On the issue of so-called “unsubstantiated” complaints, the fact that a complaint did not result in discipline does not mean that misconduct didn’t happen. It simply indicates that the investigators couldn’t reach a clear determination, or that they did but then the police department itself declined to impose discipline.

In New York City, the Civilian Complaint Review Board has long faced obstruction by NYPD officials that makes it difficult for investigators to do their jobs and resolve complaints on the merits, contributing to high rates of unsubstantiation. And when the CCRB has been able to determine that misconduct occurred and recommended discipline, the NYPD has repeatedly stepped in to reverse that decision.

The release of “unsubstantiated” complaints can help the public figure out whether those responsible for investigating allegations of police misconduct have the resources or the willingness to conduct those investigations thoroughly and fairly—and also whether departments are refusing to impose discipline even where they know misconduct occurred.

When the CCRB followed the law and provided the NYCLU with its full database of complaints against NYPD officers, it laid bare just how few officers face meaningful accountability. Our analysis of that data found that, since 2000, the CCRB was only able to substantiate seven percent of complaints that it received against NYPD officers, and that only two percent of complaints resulted in any form of discipline being imposed by the NYPD.

If the police unions had their way, the CCRB would have been blocked from releasing data on the 98 percent of complaints that did not result in discipline.

The public’s demand for greater access to police misconduct records stemmed from a demand to know why officers who abused New Yorkers face no consequences for their actions—and why the investigation process itself seemed to be broken. Only revealing data on the tiny subset of cases where there are consequences tells us next to nothing about how well or how poorly our systems are set up to investigate and respond to the vast majority of complaints.

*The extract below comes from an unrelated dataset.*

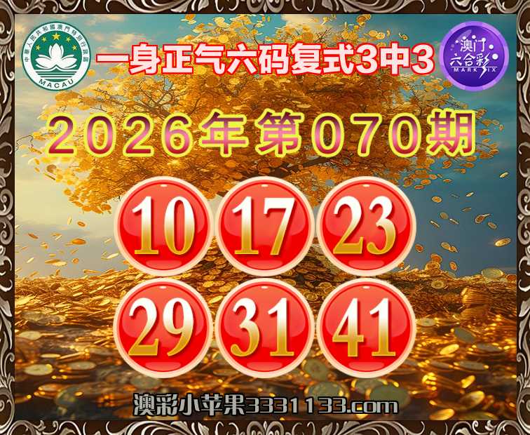 070期:【一身正气】 六码复式3中3

Most baffling in all this is that some judges have reasoned that this continued level of secrecy was the legislature’s intent all along. Reading the transcripts of the floor debates in the State Assembly and Senate, there is no ambiguity.

In the Assembly, the bill’s sponsor clearly stated that the measure did not distinguish between “substantiated” and “unsubstantiated” complaints, and supporters of the bill repeatedly noted that access to “unsubstantiated” records was essential to examining patterns of reported abuse. On the flip side, a handful of legislators noted that they opposed the bill precisely because it would make all records available, regardless of whether the allegations were substantiated or not.

Despite that clarity in the record, the reality today is that police departments are continuing to hide disciplinary information and at least some judges are letting them. In response, lawmakers have now introduced a new measure to declare even more loudly and even more clearly that the full universe of police misconduct and disciplinary records must be made public under the state’s Freedom of Information Law. The legislation would put an end to the bad-faith excuses that police departments were never entitled to use in the first place.

While this bill should be unnecessary, if police departments and courts are going to continue poking holes in the 2020 repeal bill, it is imperative that state lawmakers put a stop to it.